:: Collected material

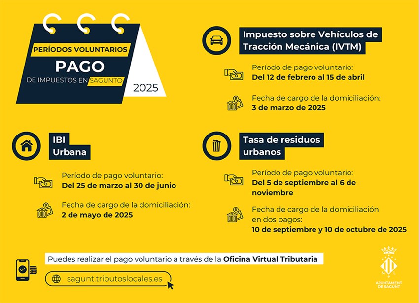 La información completa con el calendario de pagos detallado y las instrucciones para formalizar el abono de los mismos se puede encontrar en el Calendario Fiscal del Contribuyente 2025 publicado en la página web institucional del Ayuntamiento de Sagunto.
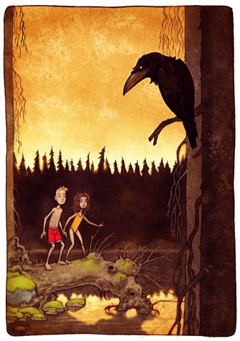 Vi stod alldeles orörliga på trädstammen. Fågeln satt stilla och tittade ner på oss med svarta pärlögon. Den kraxade en gång till. Sedan bredde den ut vingarna och flög runt sjön en gång innan den försvann över skogen.
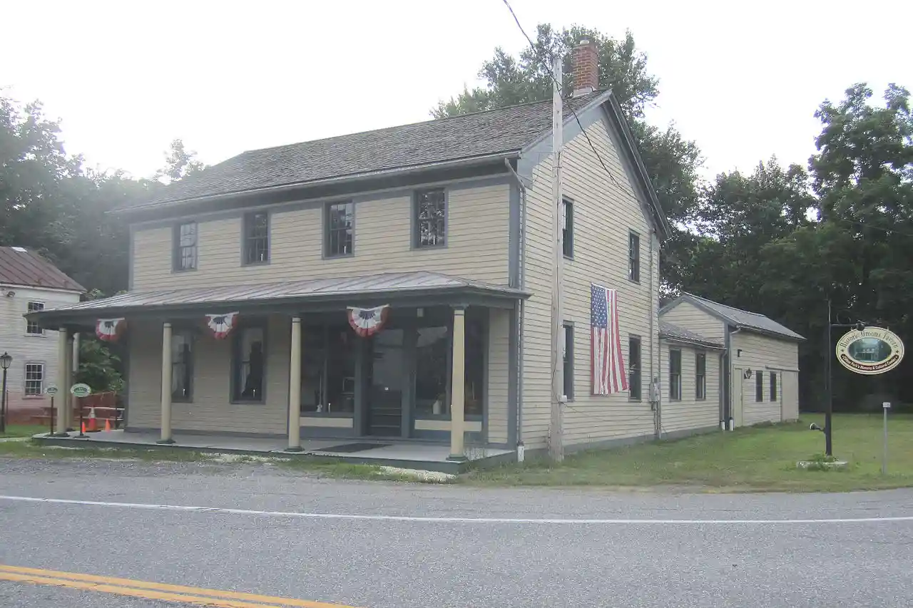 Grooms Tavern Complex is a historic tavern located at Grooms Corners in Saratoga County, New York. The complex consists of the tavern, a wagon and blacksmith shop, and a frame privy. The tavern building was built about 1825 and is a 2-story, timber-framed, gable-roofed building in a vernacular Federal style. It consists of a main block with -story, frame kitchen wing in the rear. When expanded to two stories in the 1840s, a Greek Revival style cornice was added. The building was partially remodeled in the late 19th and early 20th centuries. The tavern building was also operated as a general store. The wagon and blacksmith shop was constructed in the 1840s and is a 2-story, rectangular, timber-framed building with a gable roof in the Greek Revival style. See also: Read more on Wikipedia

::::

**Your goal**
Both the line containing "Vi stod alldeles" and the last line of the listing above belong in the copy, along with every line between them; retype them exactly and omit the pictures.

**Exercise solution**
 Vi stod alldeles orörliga på trädstammen. Fågeln satt stilla och tittade ner på oss med svarta pärlögon. Den kraxade en gång till. Sedan bredde den ut vingarna och flög runt sjön en gång innan den försvann över skogen.
 Grooms Tavern Complex is a historic tavern located at Grooms Corners in Saratoga County, New York. The complex consists of the tavern, a wagon and blacksmith shop, and a frame privy. The tavern building was built about 1825 and is a 2-story, timber-framed, gable-roofed building in a vernacular Federal style. It consists of a main block with -story, frame kitchen wing in the rear. When expanded to two stories in the 1840s, a Greek Revival style cornice was added. The building was partially remodeled in the late 19th and early 20th centuries. The tavern building was also operated as a general store. The wagon and blacksmith shop was constructed in the 1840s and is a 2-story, rectangular, timber-framed building with a gable roof in the Greek Revival style. See also: Read more on Wikipedia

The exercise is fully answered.